→ WHAT IS REQUIRED: Give back exactly the stretch of data below from the line holding "2022年10~12月期の愛" through the line holding "Ο Δήμος Καβάλας", both ends included, and leave the remaining lines out.

→ DATA FOR THIS TASK:
▽

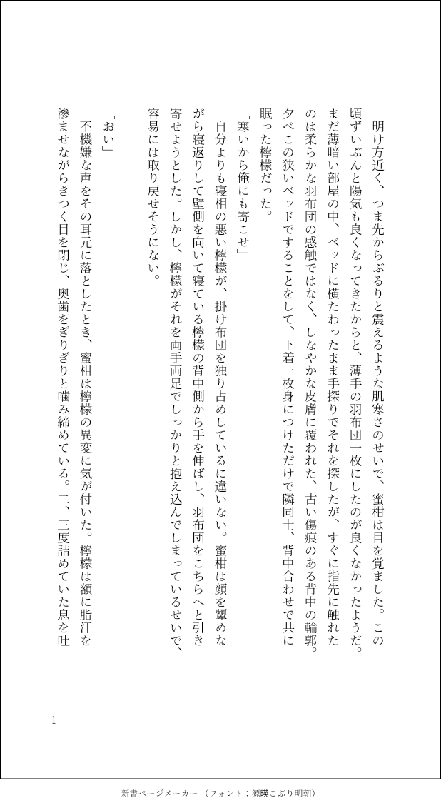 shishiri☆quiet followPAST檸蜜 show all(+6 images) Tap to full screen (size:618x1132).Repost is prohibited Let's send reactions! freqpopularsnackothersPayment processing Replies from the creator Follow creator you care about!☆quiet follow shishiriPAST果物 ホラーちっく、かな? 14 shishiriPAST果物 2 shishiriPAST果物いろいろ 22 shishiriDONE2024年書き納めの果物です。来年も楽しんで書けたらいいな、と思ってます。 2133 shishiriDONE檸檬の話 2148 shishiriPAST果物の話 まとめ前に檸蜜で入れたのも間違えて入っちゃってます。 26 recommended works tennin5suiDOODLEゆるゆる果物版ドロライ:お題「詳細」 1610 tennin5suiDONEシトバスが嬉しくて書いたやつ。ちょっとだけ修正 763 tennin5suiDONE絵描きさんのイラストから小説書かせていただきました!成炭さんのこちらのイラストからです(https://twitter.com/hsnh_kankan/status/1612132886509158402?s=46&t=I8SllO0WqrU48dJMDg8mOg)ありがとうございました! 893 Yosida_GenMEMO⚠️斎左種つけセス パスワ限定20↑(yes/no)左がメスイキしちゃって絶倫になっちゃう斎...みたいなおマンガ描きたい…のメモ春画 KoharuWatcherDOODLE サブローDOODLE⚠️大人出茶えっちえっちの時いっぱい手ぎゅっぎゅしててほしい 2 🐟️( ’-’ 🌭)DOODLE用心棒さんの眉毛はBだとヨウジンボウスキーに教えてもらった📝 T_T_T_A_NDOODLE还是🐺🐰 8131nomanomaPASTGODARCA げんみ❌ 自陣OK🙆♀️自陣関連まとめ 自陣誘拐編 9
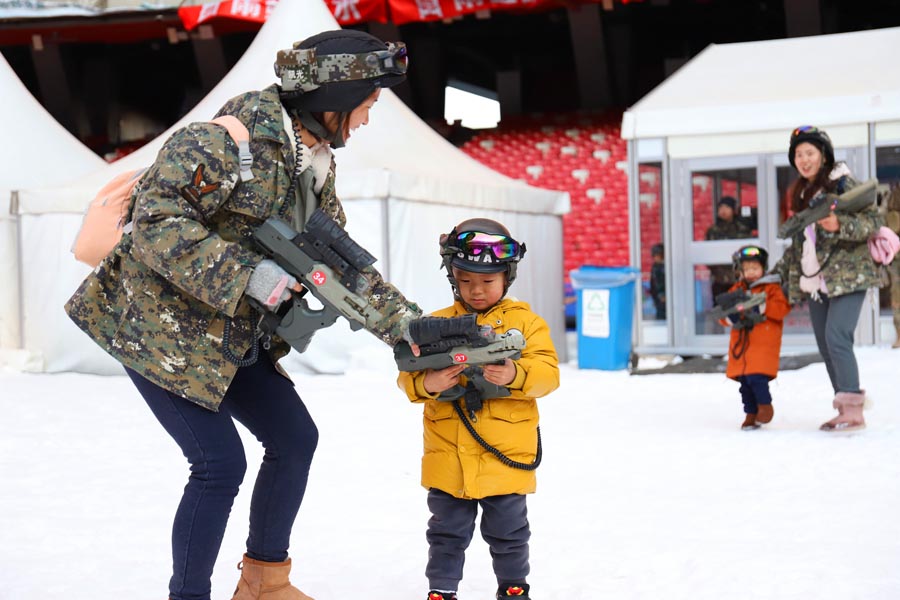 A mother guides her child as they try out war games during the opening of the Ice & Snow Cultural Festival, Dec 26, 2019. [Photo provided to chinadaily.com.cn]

△
▽

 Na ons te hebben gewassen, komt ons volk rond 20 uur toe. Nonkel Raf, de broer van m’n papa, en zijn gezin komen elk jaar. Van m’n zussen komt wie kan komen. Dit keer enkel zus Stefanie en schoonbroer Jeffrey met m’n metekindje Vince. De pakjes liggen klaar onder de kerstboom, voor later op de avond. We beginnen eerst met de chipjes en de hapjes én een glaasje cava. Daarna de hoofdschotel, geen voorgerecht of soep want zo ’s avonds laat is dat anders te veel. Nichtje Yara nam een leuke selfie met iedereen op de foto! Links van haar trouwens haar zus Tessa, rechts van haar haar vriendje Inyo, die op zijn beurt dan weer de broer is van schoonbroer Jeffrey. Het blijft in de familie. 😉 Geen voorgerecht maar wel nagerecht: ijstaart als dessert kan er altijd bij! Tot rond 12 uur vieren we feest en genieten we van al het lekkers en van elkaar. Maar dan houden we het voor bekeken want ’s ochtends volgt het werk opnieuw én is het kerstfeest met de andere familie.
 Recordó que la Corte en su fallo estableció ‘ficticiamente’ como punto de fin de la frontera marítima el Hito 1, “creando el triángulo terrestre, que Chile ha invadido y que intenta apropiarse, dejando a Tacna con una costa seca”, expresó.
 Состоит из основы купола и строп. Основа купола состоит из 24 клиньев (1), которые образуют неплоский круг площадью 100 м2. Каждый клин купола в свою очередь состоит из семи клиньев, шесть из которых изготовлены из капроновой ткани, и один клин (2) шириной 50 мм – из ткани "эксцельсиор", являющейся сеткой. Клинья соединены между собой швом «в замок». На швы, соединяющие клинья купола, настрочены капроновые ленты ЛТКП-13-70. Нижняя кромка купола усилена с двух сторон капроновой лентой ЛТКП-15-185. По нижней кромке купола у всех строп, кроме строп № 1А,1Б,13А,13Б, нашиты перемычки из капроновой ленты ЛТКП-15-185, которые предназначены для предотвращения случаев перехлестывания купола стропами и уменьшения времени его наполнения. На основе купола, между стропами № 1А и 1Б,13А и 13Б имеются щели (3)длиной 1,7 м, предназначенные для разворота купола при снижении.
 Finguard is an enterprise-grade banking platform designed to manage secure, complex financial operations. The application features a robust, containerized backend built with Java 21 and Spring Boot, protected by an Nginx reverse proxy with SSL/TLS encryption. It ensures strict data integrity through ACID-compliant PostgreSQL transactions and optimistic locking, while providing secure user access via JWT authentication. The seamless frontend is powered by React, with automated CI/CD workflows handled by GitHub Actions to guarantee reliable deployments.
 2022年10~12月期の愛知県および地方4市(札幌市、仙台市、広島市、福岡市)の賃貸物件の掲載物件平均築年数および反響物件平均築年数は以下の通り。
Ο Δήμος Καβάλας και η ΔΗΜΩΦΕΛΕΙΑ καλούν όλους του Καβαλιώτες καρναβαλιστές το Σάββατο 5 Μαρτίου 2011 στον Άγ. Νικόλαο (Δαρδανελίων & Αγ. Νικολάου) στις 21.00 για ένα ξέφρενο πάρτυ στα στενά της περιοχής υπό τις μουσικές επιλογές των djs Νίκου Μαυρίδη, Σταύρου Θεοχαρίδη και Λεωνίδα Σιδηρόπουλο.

△

→ COMPLETED EXERCISE:
 2022年10~12月期の愛知県および地方4市(札幌市、仙台市、広島市、福岡市)の賃貸物件の掲載物件平均築年数および反響物件平均築年数は以下の通り。
Ο Δήμος Καβάλας και η ΔΗΜΩΦΕΛΕΙΑ καλούν όλους του Καβαλιώτες καρναβαλιστές το Σάββατο 5 Μαρτίου 2011 στον Άγ. Νικόλαο (Δαρδανελίων & Αγ. Νικολάου) στις 21.00 για ένα ξέφρενο πάρτυ στα στενά της περιοχής υπό τις μουσικές επιλογές των djs Νίκου Μαυρίδη, Σταύρου Θεοχαρίδη και Λεωνίδα Σιδηρόπουλο.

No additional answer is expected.